Records from a collection:
• • • • •

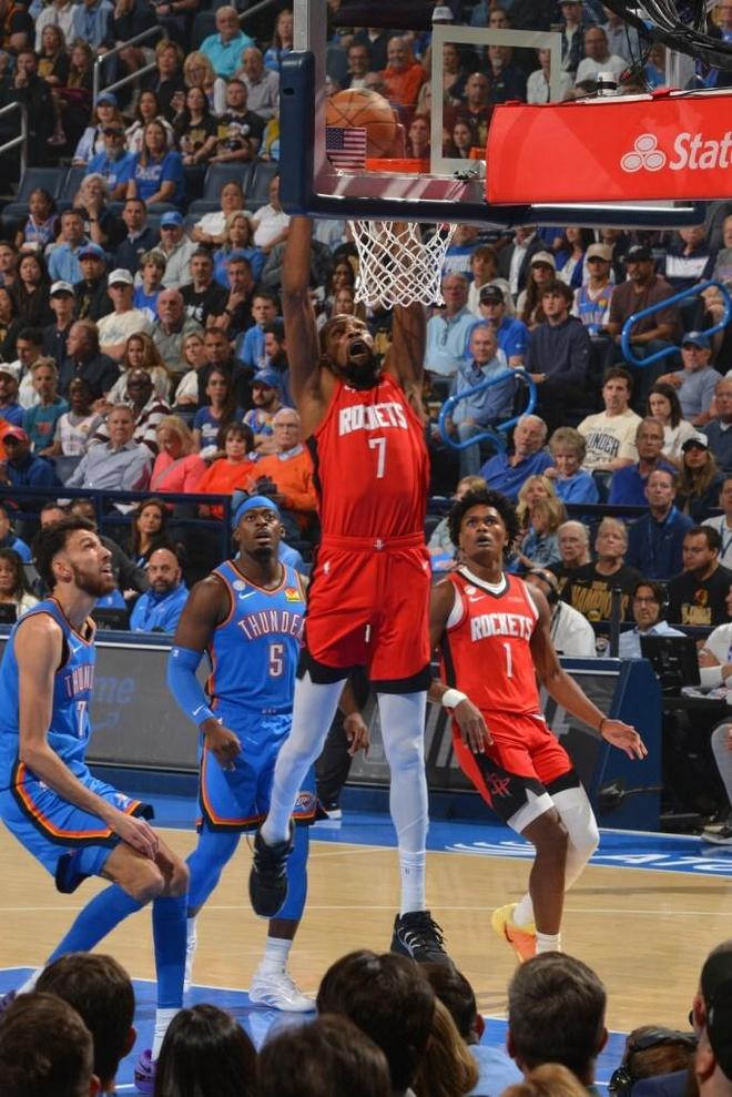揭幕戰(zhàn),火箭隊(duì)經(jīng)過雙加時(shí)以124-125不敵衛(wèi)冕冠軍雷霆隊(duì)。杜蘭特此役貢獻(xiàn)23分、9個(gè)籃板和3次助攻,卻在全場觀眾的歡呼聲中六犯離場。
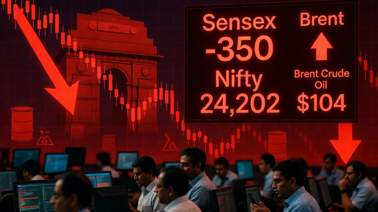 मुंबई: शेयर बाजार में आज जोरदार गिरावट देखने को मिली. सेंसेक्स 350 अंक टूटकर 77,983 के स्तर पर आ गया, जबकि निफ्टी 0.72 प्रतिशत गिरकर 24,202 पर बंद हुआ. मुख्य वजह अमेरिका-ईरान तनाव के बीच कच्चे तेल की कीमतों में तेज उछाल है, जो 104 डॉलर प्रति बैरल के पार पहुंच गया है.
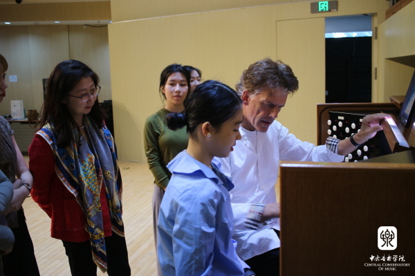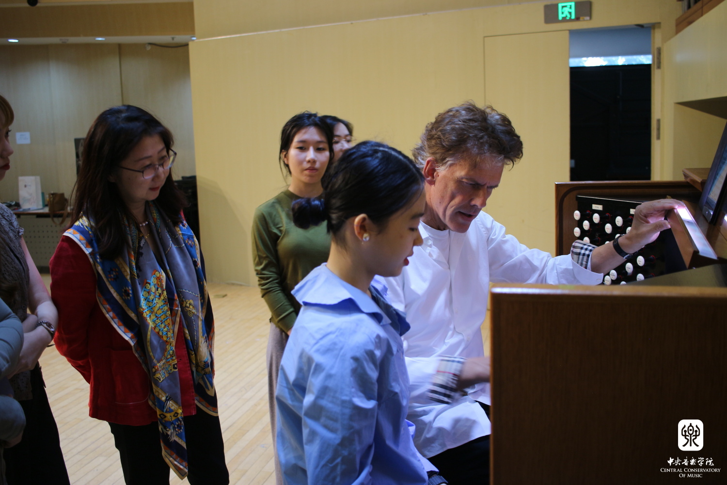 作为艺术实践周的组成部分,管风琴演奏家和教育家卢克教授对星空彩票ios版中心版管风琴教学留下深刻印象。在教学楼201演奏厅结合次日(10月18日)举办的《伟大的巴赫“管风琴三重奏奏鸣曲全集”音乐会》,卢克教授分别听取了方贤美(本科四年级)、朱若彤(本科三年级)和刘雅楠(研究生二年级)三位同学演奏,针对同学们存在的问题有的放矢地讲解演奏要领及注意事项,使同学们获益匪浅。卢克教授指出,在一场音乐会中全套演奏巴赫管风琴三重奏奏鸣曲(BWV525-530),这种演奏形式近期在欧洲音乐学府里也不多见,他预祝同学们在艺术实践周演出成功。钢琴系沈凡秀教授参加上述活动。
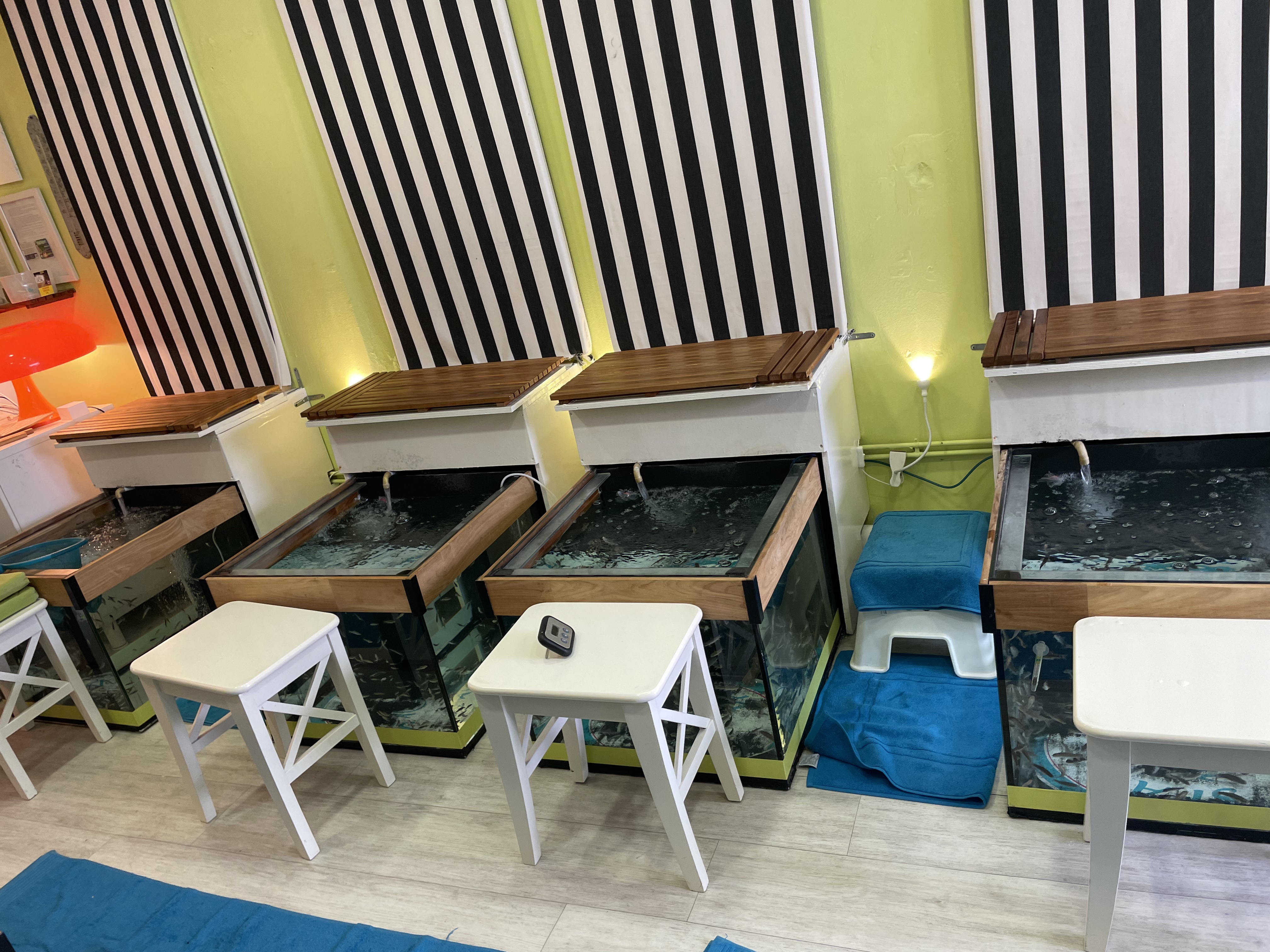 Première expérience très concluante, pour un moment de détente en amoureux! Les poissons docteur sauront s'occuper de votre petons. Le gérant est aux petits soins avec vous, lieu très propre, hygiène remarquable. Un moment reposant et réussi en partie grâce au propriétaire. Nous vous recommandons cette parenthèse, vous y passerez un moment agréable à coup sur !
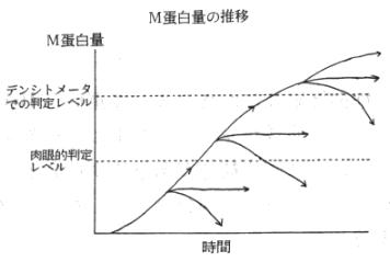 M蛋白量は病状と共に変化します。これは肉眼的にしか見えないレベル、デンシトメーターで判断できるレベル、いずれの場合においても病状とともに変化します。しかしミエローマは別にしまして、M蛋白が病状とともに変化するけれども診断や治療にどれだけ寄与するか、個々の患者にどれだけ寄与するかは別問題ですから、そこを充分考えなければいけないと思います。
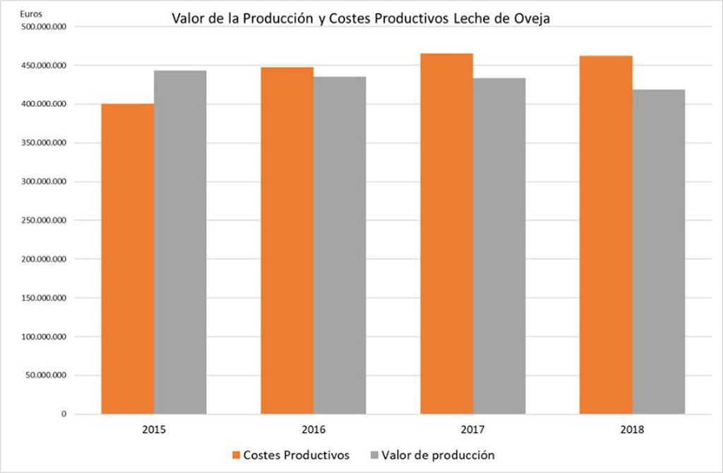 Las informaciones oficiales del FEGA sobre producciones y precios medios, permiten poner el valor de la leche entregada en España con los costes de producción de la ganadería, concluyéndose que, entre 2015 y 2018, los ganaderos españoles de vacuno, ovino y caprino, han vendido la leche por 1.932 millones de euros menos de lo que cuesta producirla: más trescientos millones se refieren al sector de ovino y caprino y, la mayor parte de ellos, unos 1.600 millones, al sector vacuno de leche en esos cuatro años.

• • • • •

» **TASK TO CARRY OUT**:
Output the lines of the data exactly, starting at the first and ending with the line that has "मुंबई: शेयर बाजार". Pictures are not part of it.

» **RESPONSE TO THIS TASK**:
揭幕戰(zhàn),火箭隊(duì)經(jīng)過雙加時(shí)以124-125不敵衛(wèi)冕冠軍雷霆隊(duì)。杜蘭特此役貢獻(xiàn)23分、9個(gè)籃板和3次助攻,卻在全場觀眾的歡呼聲中六犯離場。
 मुंबई: शेयर बाजार में आज जोरदार गिरावट देखने को मिली. सेंसेक्स 350 अंक टूटकर 77,983 के स्तर पर आ गया, जबकि निफ्टी 0.72 प्रतिशत गिरकर 24,202 पर बंद हुआ. मुख्य वजह अमेरिका-ईरान तनाव के बीच कच्चे तेल की कीमतों में तेज उछाल है, जो 104 डॉलर प्रति बैरल के पार पहुंच गया है.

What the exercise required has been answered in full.